Il désirait lui faire la surprise, et elle se laissa guider tranquillement jusqu'à la lisière
de la capitale. Ici, les arbres et les buissons devenaient plus sauvages ; les maisons
avaient cessé de jaillir comme de délicats champignons. Liliane haussa les sourcils,
attendant avec impatience. Riel s'approcha d'un mûrier aux larges épines, et siffla
doucement. Quelques oiseaux répondirent à ses trilles, et il parût satisfait.

- Peux-tu sortir de là ? Je suis vieux, et je ne peux plus me baisser comme autrefois.

Liliane prit un air ahuri, et attendit calmement ; quand quelques minutes tranquilles
eurent été égrénées, elle se demanda si Riel ne perdait pas la tête. Mais le vieux
farfadet poussa un petit soupir, puis avec une agilité hors du commun, il s'enfouit
dans le buisson au point de disparaître derrière les ronces noires. Il y eut quelques
bruits étouffés, puis il sortit de là sans une égratignure sur sa peau sombre, tenant
fermement un petit elfe au regard écarquillé et horrifié. Les guenilles sur son dos
empestaient, et il avait la bouche sale, barbouillée de jus de mûre apparemment.

- Ne le reconnais-tu pas ? demanda Riel, toujours aussi calme. Liliane jeta un regard
à l'elfe, et secoua finalement la tête.
- Je devrais ?
- Voici Liliane. Est-ce que tu vas t'expliquer, ou dois-je le faire à ta place ?
- Je ... Heu ...

L'elfe était très jeune, de petite stature, et Liliane se demandait ce que voulait Riel à
cet enfant. L'inconnu bégayait, éperdu de peur.

- Il est humain. Et je pense que ce n'est pas la seule chose qu'il cache ...
- Je n'ai pas fais exprès, je ne voulais pas, pardon, pardon ! s'écria soudain l'enfant
en se débattant avec la force du condamné.

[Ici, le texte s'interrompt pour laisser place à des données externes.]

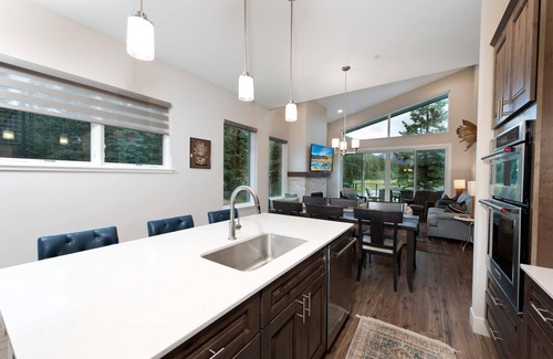 Stay at our new 4 bedroom/3.5 bath townhome and enjoy spectacular views of Engineer Mountain and Twilight Lake. Perfect for multiple families, the home has 2 living spaces (on different floors) each with its own gas fireplace and 65” TV, 2 Master Suites (one up and one down, each having its own TV/private bathroom), indoor/outdoor dining areas on both floors (lower outdoor dining area is covered), upgraded full kitchen, open floor plan and a covered hot tub that seats 6. There is a deck off the main living space with an outdoor dining table as well as additional seating and another outdoor living space off the ground floor living space with a private hot tub, gas fire pit and another outdoor dining table - both have awesome views.
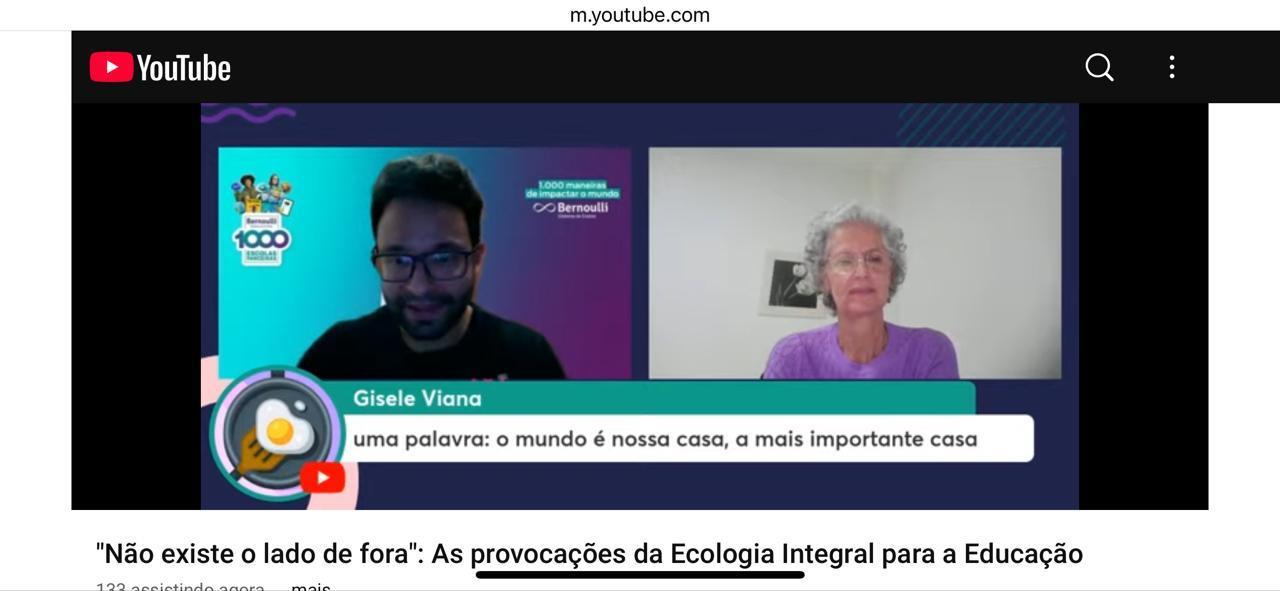 As professoras Michele Kopschina (Química) e Rita Cunha (Projeto de Vida e Língua Espanhola), da IENH – Unidade Fundação Evangélica, participaram na noite de ontem, dia 4 de junho, de uma formação promovida pelo Bernoulli com o tema “Não existe o lado de fora: as provocações da ecologia integral para a educação”. O encontro foi conduzido pela professora Aleluia Heringer, Doutora e Mestra em Educação, reconhecida por seu trabalho com sustentabilidade e ecologia integral.
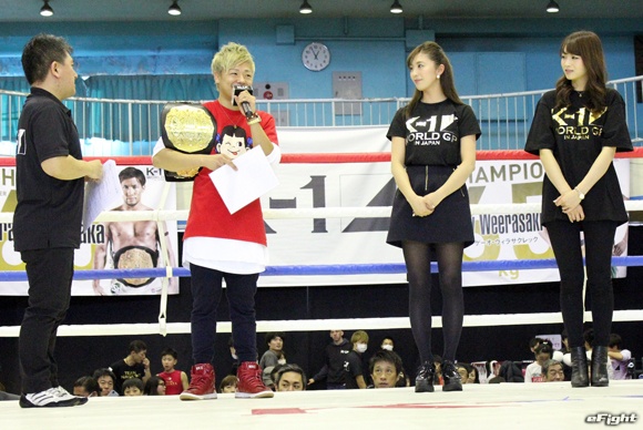 リング上で次戦への意気込みを語った武尊(左から2番目)
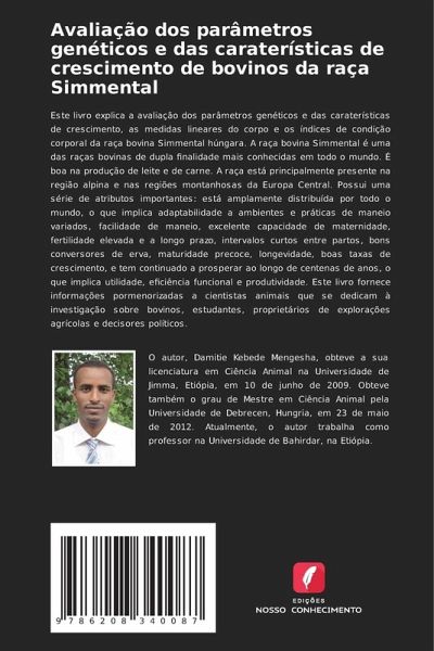 Este livro explica a avaliação dos parâmetros genéticos e das caraterísticas de crescimento, as medidas lineares do corpo e os índices de condição corporal da raça bovina Simmental húngara. A raça bovina Simmental é uma das raças bovinas de dupla finalidade mais conhecidas em todo o mundo. É boa na produção de leite e de carne. A raça está principalmente presente na região alpina e nas regiões montanhosas da Europa Central. Possui uma série de atributos importantes: está amplamente distribuída por todo o mundo, o que implica adaptabilidade a ambientes e práticas de maneio variados, facilidade de maneio, excelente capacidade de maternidade, fertilidade elevada e a longo prazo, intervalos curtos entre partos, bons conversores de erva, maturidade precoce, longevidade, boas taxas de crescimento, e tem continuado a prosperar ao longo de centenas de anos, o que implica utilidade, eficiência funcional e produtividade. Este livro fornece informações pormenorizadas a cientistas animais que se dedicam à investigação sobre bovinos, estudantes, proprietários de explorações agrícolas e decisores políticos.
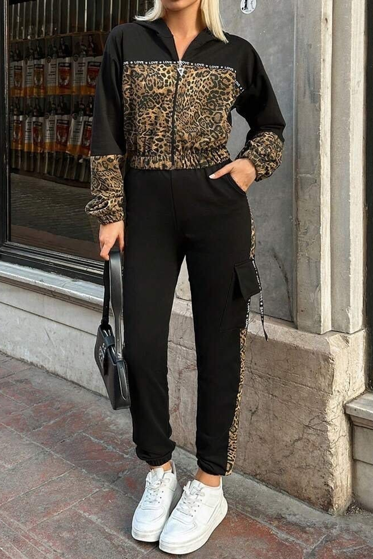 - Суичърът е със свободна кройка и качулка, а панталонът - с висока талия и ластик в края на крачолите.
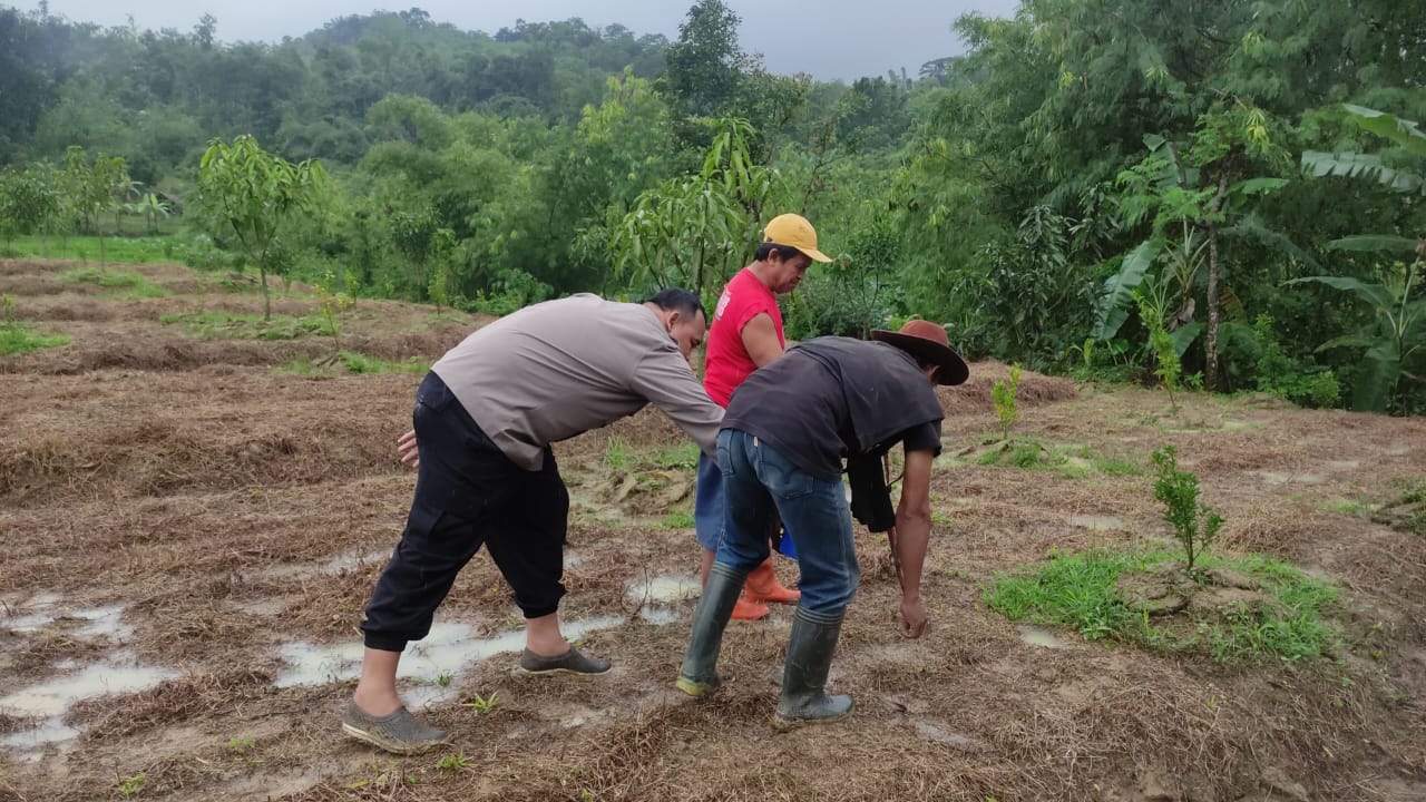 Aipda M. Tajul Mutaqin menyampaikan bahwa keterlibatan Polri dalam kegiatan ini merupakan bentuk dukungan nyata terhadap program pemerintah dalam memperkuat ketahanan pangan serta mendorong pemanfaatan lahan produktif di wilayah pedesaan.
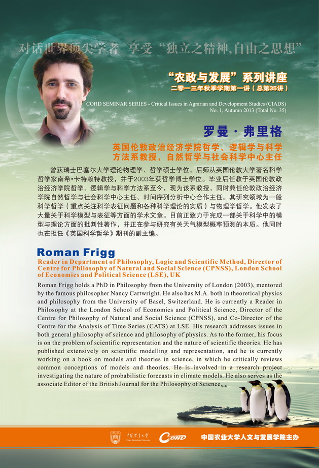 主讲人:罗曼·弗里格,英国伦敦政治经济学院哲学、逻辑学与科学方法系教授,自然哲学与社会科学中心主任
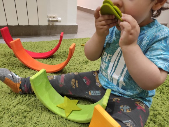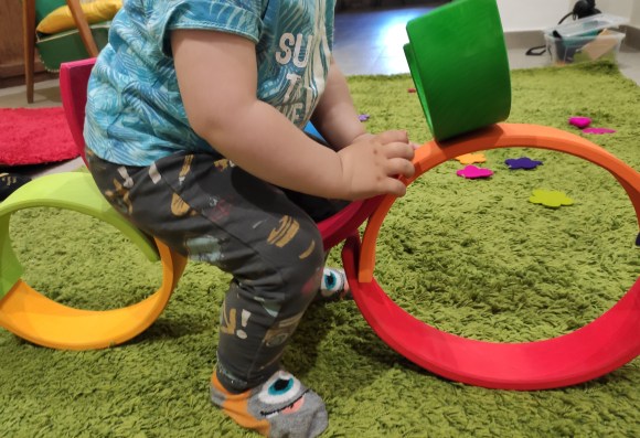 Així doncs, aquest ha sigut l’espai que he preparat per l’Arcadi. Òbviament, sempre és molt més enriquidor poder compartir aquest joc amb altres infants, però tot i així, la interacció amb els materials permeten desenvolupar igualment representacions mentals inconscients a través del moviment i també conscients a través del joc simbòlic.

Il tomba au sol quand la main de Riel le lâcha. Le farfadet le regardait avec sérénité,
et c'est peut-être le poids de cette insistance tranquille qui le fit cesser de s'agiter. A
genoux près du buisson épineux, il baissa le nez, la honte se lisant sur son petit
visage affolé. Le silence pesa au point qu'il continua, comme poussé par l'attention
de Riel et Liliane.

- Je ... Je crois que je vous connais, il y a une vieille femme au bout du village. Je ...
Adrien, vous ... vous voyez ?
- Le gamin d'Adèle, à la poste ? s'écria Liliane, frappée par le souvenir.
- Ma ... ouai, c'est ma mère, dit-il d'une voix toute proche de pleurer. Je la reverrai
jamais, à ce rythme là ! On va tous mourir, et ce sera ma faute, et je ...

A ce moment là, il éclata en sanglots ; même si Liliane ne l'avait pas su humain


comme elle, elle se serait approché de lui pour le serrer contre elle. Il accepta son
contact et se délivra de sa douleur par les larmes. Liliane le berça gentimment, en
l'apaisant comme elle pouvait sans savoir de quoi il était coupable.

- J'ai été amené par un elfe, moi aussi, continua t-il enfin après s'être un peu calmé,
évitant le regard de Liliane. On m'a parlé de Margnor, le mauvais empereur, et on
est allé dans ce vieux bâtiment ...
- Oh, non, murmura Liliane en comprenant ce qui s'était passé, sa main se portant à
sa bouche pour retenir effarement.
- J'avais pas tout compris, je n'écoutais pas tout, c'est ma faute ... Et il y avait cette
voix, cette pierre qui scintillait ...
- Pourquoi est-ce que t'as amené ici, si ce n'était pour sauver le Peuple de
Margnor ? Comme il était encore scellé à ce moment-là, demanda Liliane, essayant
de s'y retrouver.
- Il existe des membres du Petit Peuple qui ne veulent qu'une occasion de faire le
mal. Echanger bien des vies contre un peu de puissance et de gloire, intervint Riel,
le visage toujours doux et compréhensif. Seul un humain pouvait retirer cette pierre,
ensorcelée pour qu'aucun adepte de Margnor ne puisse libérer son maître. Mais
nous n'avions pas été assez prudents, nous n'avons pas protégé ce sarcophage
contre ceux qui nous avaient aidé, les Humains.